The absence of YlMhb1p results in sensitivity to ethidium bromide. Cells of the wild-type strain Po1h (WT) and the Δmhb1 strain either carrying no plasmid or transformed with the pUB4 vector without or with the YlMHB1 gene were first grown overnight in YPD medium alone or supplemented with HygB and were then spotted onto solid SD medium without (left) or with (right) EtBr (5 μM). Plates were photographed after 1 day (left) or 3 days (right) of growth at 28°C.

FIG 5

Comparison of the levels of RNA and proteins encoded by nuclear DNA and mtDNA. (Left) Northern blot analysis of RNA resulting from transcription of nuclear DNA (ACT1, NUBM, NUCM, NESM) and mtDNA (23S rRNA, ATP6). (Right) Western blot analysis of the levels of mitochondrial proteins encoded by nuclear DNA (NUCM [49-kDa], NUBM [51-kDa], and NESM subunits of complex I) and mtDNA (Atp6p and Cox2p). The WT (strain Po1h) and Δmhb1 protein extracts were prepared from the same numbers of cells.

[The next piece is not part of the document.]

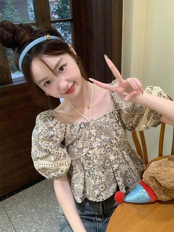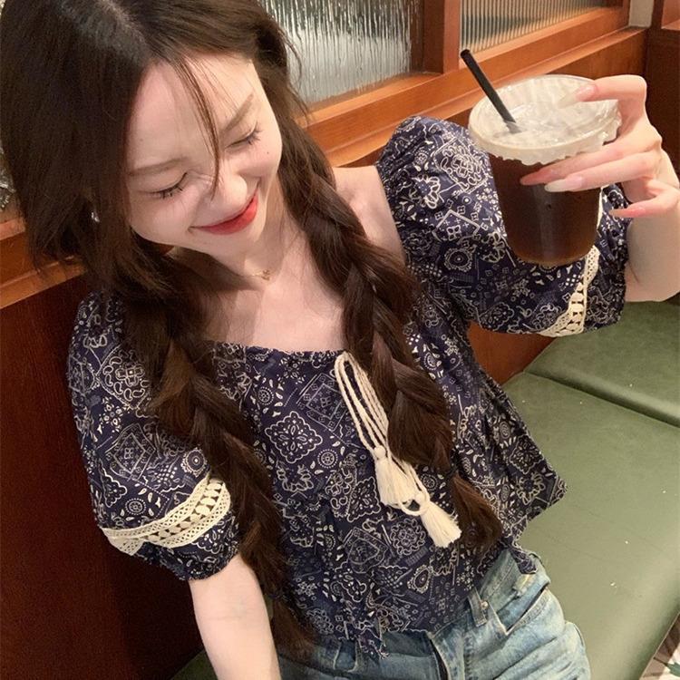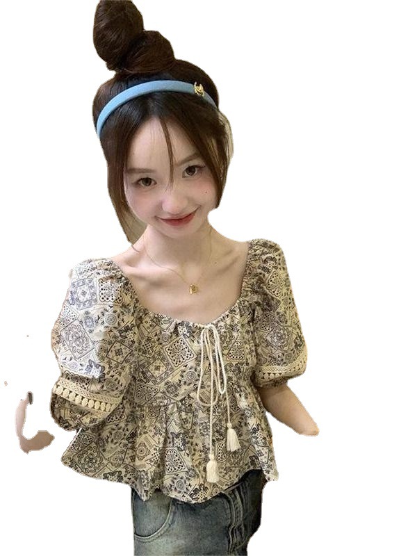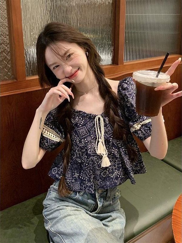 韩版方领泡泡袖衬衫女夏季新款流苏系带设计感镂空短袖上衣潮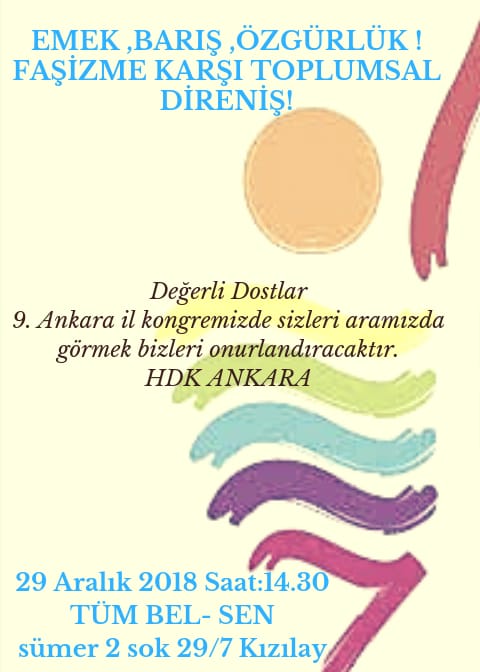 Halkların Demokratik Kongresi Ankara Şubesi, 29 Aralık’da kaongresini gerçekleştirecek. Tüm Bel -Sen’de yapılacak kongre ‘Emek, barış, özgürlük! Faşizme karşı toplumsal direniş’ sloganıyla yapılacak.

Note that whereas anti-NUCM, anti-NUMB, and anti-NESM antibodies were raised against Y. lipolytica proteins, anti-Atp6p and anti-Cox2p antibodies were raised against S. cerevisiae Atp6p and Cox2p, respectively.

FIG 6

Measurement of frequencies of spontaneous and MnCl₂-induced Oli^R mutations. MnCl₂-induced mutagenesis of mtDNA was performed as described previously (71), and the frequency of Oli^R mutants was calculated based on the number of colonies appearing after 8 days of cultivation on plates containing 10 μg/ml oligomycin A. Wild-type, strain Po1h.